Your task is to print, exactly and only, the lines from the start of the entries below through the line with "ЖК Гринсайд —". Include both ends, but skip the pictures.
====
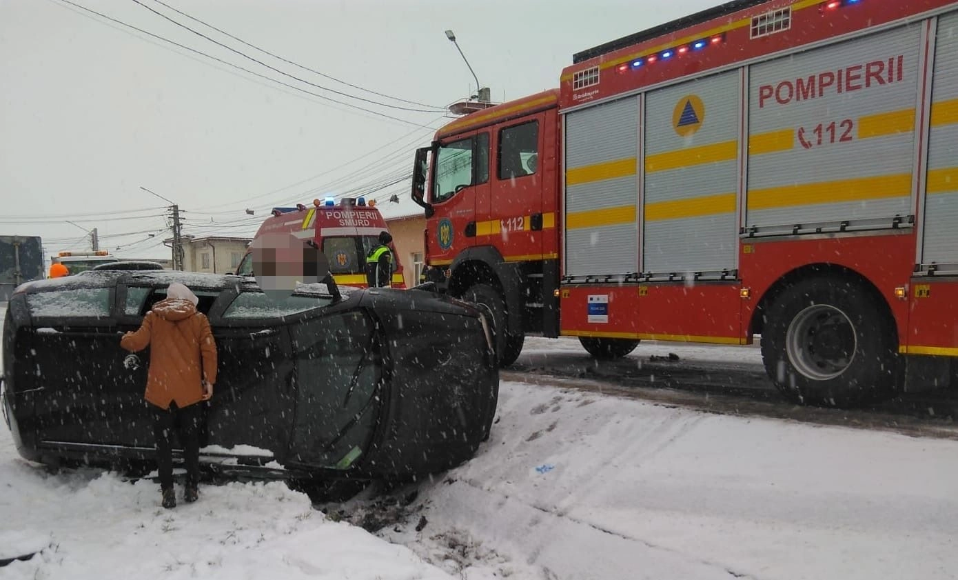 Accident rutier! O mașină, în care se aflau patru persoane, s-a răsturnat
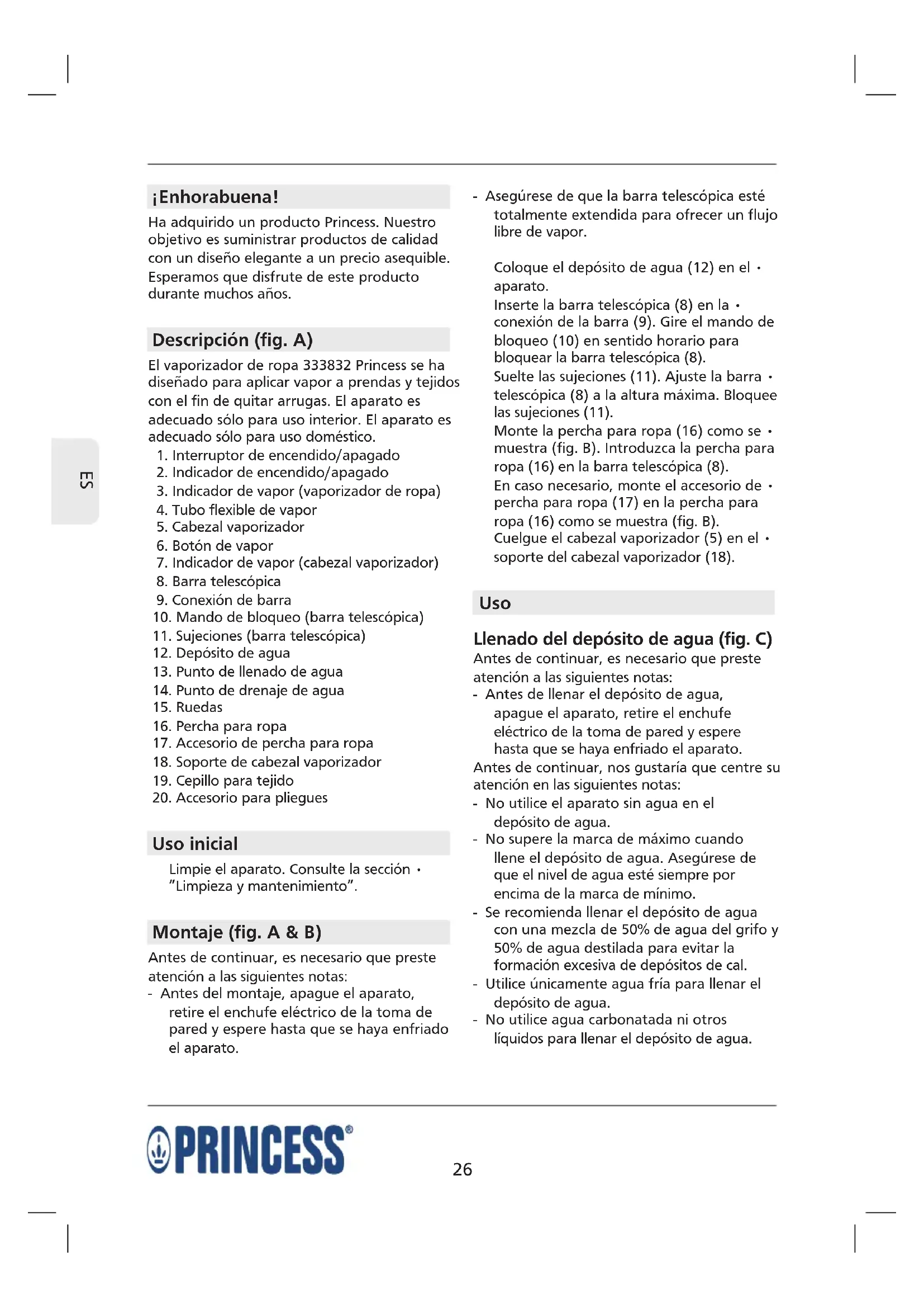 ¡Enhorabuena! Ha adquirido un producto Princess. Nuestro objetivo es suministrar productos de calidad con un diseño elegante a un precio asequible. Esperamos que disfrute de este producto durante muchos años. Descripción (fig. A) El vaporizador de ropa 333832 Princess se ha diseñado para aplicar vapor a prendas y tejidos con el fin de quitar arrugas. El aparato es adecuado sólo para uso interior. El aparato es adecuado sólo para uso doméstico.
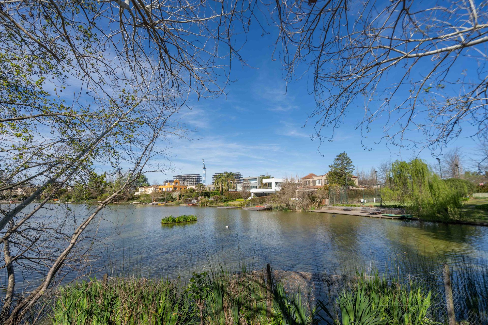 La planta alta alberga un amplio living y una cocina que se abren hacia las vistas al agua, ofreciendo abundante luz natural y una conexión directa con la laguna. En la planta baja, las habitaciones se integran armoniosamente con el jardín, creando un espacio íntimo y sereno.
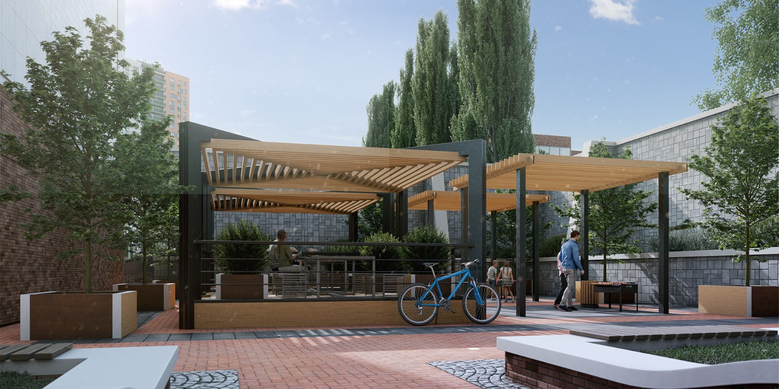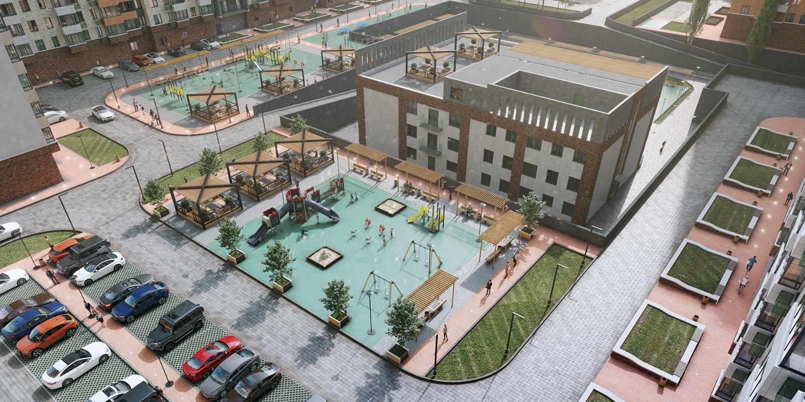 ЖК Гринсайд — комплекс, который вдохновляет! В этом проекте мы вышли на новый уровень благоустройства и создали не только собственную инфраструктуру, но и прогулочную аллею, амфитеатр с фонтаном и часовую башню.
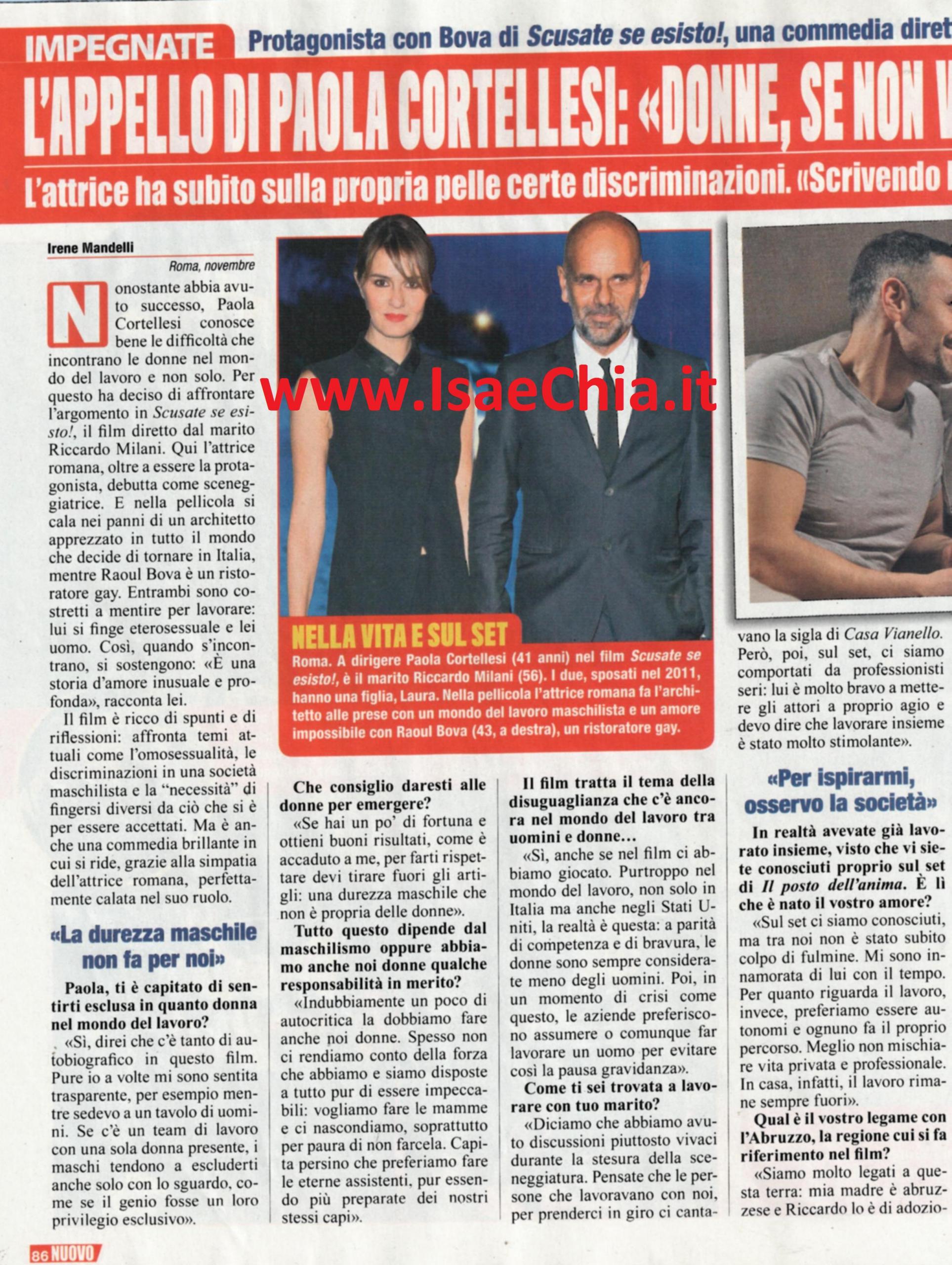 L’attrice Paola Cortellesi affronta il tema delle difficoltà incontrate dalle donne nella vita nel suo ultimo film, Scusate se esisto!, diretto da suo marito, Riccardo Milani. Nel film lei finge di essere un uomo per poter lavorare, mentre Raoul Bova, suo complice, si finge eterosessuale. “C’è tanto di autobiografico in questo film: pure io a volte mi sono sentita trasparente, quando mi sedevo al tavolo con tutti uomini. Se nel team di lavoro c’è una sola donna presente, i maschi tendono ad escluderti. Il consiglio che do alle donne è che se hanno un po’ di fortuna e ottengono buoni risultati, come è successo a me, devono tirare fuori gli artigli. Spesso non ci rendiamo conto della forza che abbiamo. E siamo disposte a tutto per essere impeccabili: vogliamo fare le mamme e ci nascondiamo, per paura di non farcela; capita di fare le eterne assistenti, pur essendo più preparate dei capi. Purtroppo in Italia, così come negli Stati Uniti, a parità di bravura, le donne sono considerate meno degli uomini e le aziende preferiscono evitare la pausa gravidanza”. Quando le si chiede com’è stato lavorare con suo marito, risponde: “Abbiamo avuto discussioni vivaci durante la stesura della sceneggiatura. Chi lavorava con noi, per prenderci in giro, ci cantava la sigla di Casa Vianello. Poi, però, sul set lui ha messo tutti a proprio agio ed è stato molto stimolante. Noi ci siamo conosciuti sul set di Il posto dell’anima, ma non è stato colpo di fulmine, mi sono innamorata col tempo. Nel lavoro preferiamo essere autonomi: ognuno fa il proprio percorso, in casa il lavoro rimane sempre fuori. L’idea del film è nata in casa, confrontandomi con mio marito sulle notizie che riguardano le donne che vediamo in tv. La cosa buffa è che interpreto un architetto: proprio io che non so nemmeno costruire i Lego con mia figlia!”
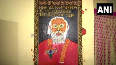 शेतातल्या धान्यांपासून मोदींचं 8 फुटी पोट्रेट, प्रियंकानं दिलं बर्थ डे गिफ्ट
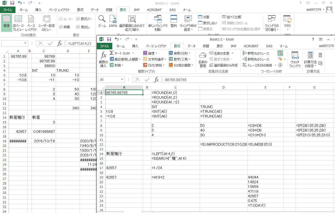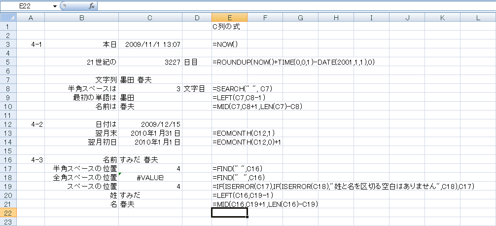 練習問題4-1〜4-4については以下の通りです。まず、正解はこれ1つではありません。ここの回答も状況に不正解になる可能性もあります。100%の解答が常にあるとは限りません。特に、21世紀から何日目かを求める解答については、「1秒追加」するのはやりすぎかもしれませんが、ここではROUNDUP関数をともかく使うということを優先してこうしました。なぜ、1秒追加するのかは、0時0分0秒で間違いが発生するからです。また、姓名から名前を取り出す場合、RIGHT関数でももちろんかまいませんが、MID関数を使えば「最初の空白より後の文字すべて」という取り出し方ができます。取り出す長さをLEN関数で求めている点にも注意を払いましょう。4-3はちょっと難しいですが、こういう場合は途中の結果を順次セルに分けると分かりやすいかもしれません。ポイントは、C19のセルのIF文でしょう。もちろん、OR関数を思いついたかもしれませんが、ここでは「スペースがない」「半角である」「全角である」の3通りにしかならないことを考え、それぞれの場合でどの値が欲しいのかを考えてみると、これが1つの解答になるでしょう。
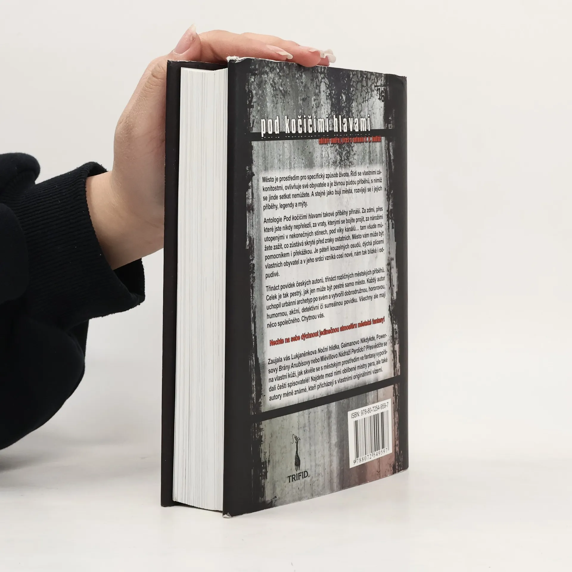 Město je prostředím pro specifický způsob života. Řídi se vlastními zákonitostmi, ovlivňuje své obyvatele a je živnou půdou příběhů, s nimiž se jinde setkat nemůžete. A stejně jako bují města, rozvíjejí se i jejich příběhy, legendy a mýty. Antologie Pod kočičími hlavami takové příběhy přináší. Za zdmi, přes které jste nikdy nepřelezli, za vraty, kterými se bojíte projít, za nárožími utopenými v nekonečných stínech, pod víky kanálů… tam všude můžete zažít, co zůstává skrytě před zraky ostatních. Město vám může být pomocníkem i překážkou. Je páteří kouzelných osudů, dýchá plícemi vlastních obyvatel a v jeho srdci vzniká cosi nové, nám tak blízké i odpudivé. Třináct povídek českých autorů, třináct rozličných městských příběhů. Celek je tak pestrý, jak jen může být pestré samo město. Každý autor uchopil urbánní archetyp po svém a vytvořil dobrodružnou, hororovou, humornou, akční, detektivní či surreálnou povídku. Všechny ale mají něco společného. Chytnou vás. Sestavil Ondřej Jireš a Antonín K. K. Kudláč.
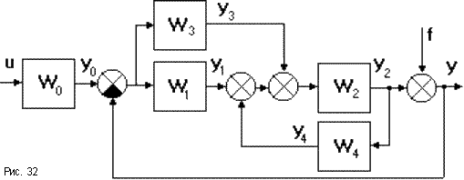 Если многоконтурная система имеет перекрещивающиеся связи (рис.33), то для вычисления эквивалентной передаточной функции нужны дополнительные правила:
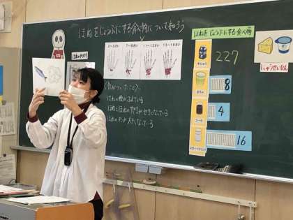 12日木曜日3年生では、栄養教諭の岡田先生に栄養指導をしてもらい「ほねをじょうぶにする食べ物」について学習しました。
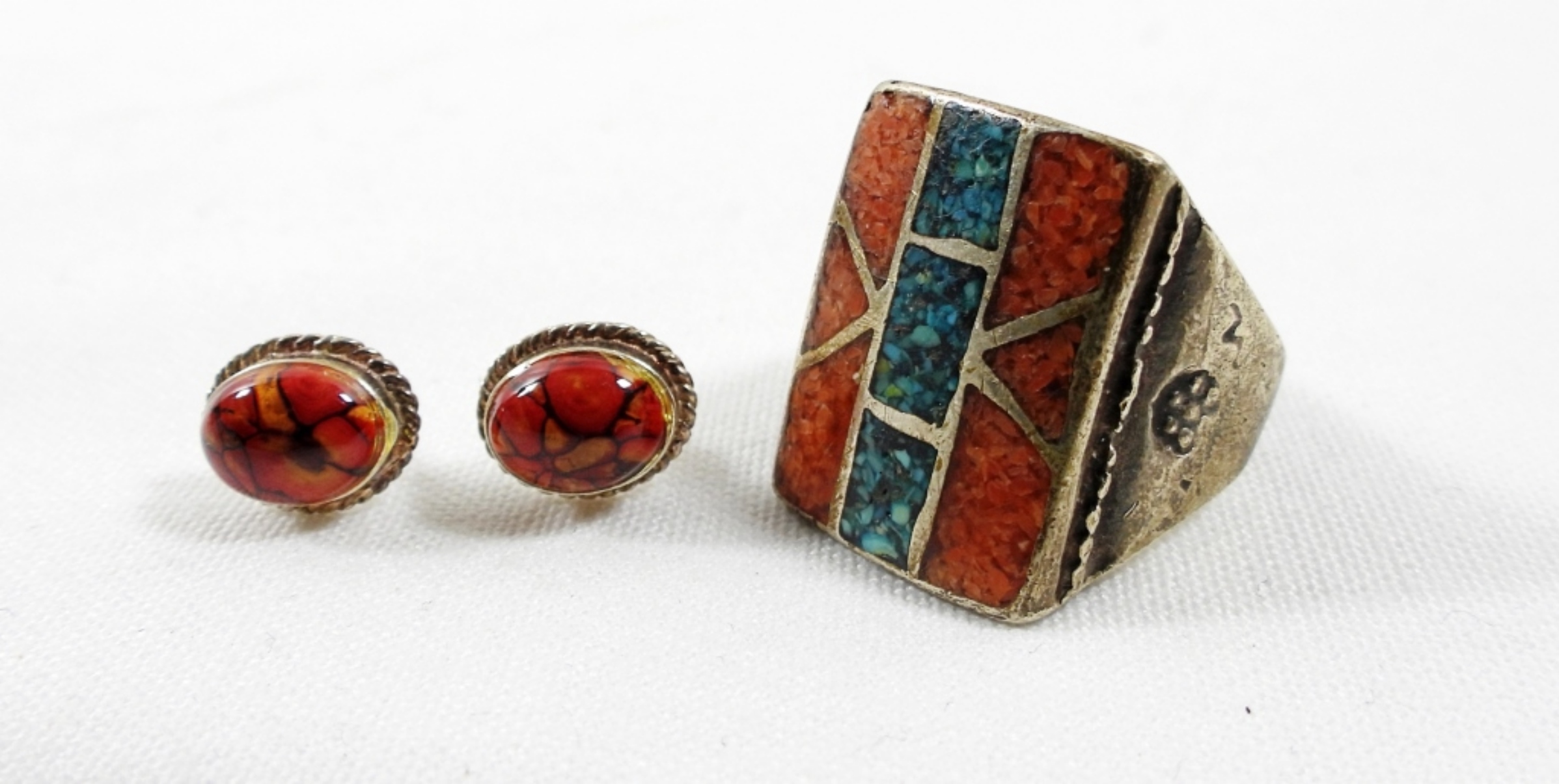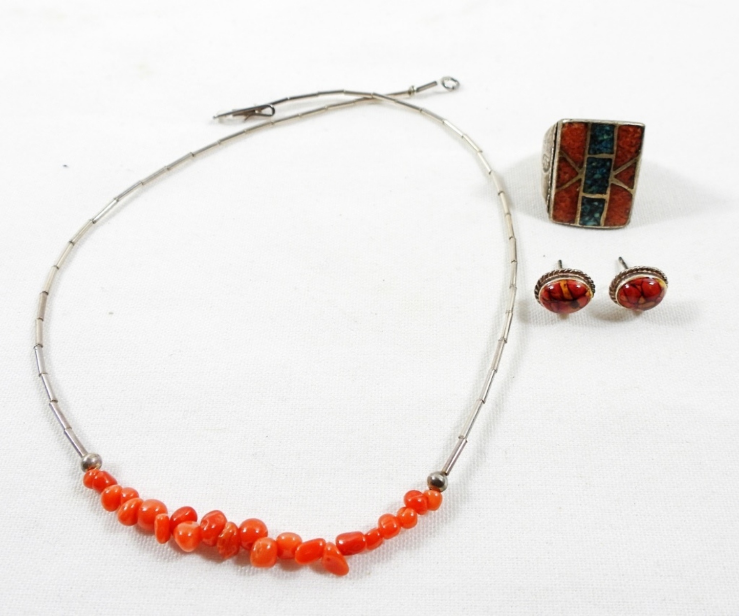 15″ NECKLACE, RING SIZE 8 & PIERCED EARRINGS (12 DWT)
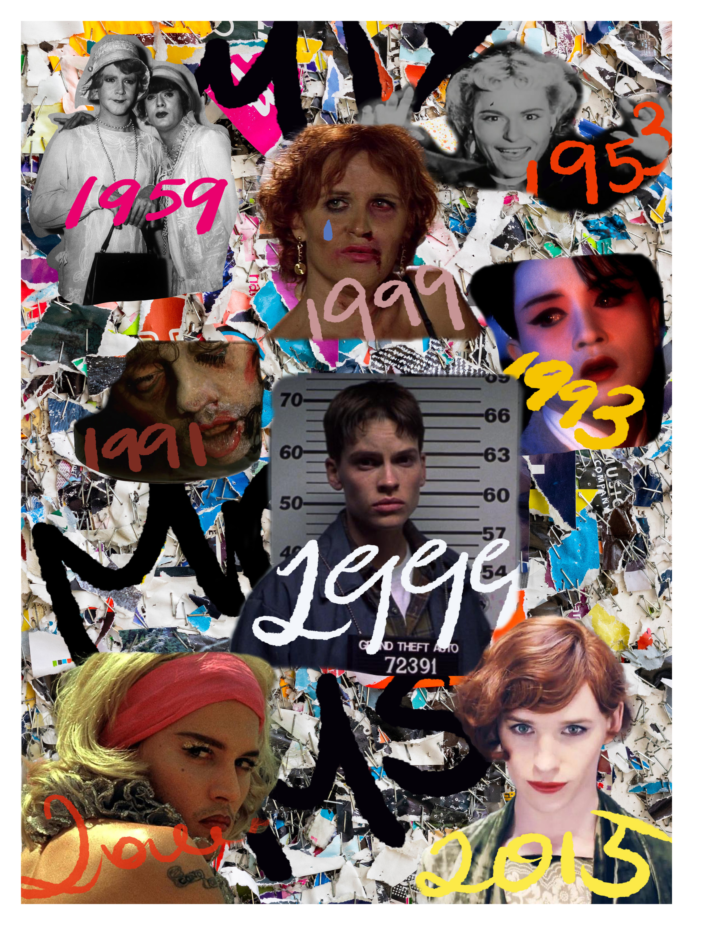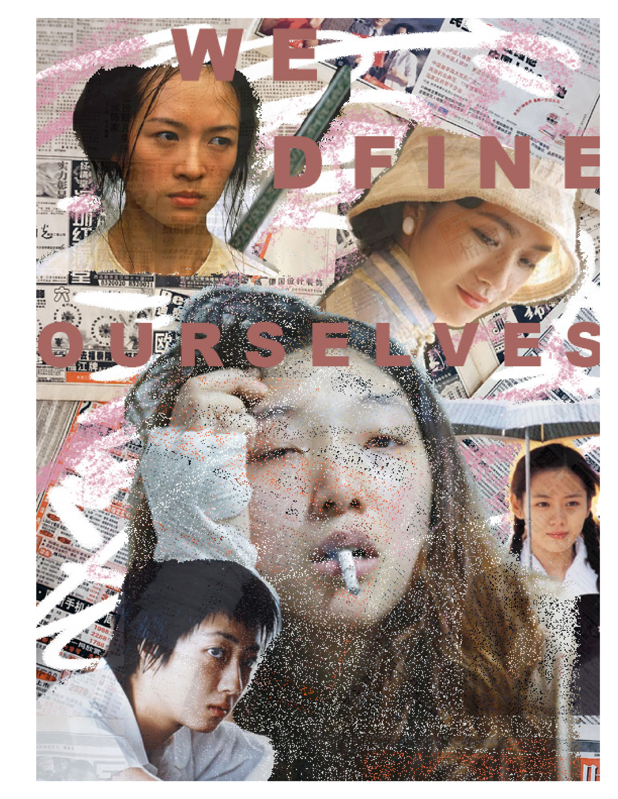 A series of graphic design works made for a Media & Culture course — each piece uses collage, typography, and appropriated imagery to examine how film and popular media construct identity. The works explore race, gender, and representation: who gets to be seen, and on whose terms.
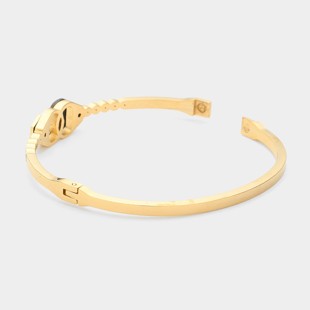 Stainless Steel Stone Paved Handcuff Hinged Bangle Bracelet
====
-- Task answer --
 Accident rutier! O mașină, în care se aflau patru persoane, s-a răsturnat
 ¡Enhorabuena! Ha adquirido un producto Princess. Nuestro objetivo es suministrar productos de calidad con un diseño elegante a un precio asequible. Esperamos que disfrute de este producto durante muchos años. Descripción (fig. A) El vaporizador de ropa 333832 Princess se ha diseñado para aplicar vapor a prendas y tejidos con el fin de quitar arrugas. El aparato es adecuado sólo para uso interior. El aparato es adecuado sólo para uso doméstico.
 La planta alta alberga un amplio living y una cocina que se abren hacia las vistas al agua, ofreciendo abundante luz natural y una conexión directa con la laguna. En la planta baja, las habitaciones se integran armoniosamente con el jardín, creando un espacio íntimo y sereno.
 ЖК Гринсайд — комплекс, который вдохновляет! В этом проекте мы вышли на новый уровень благоустройства и создали не только собственную инфраструктуру, но и прогулочную аллею, амфитеатр с фонтаном и часовую башню.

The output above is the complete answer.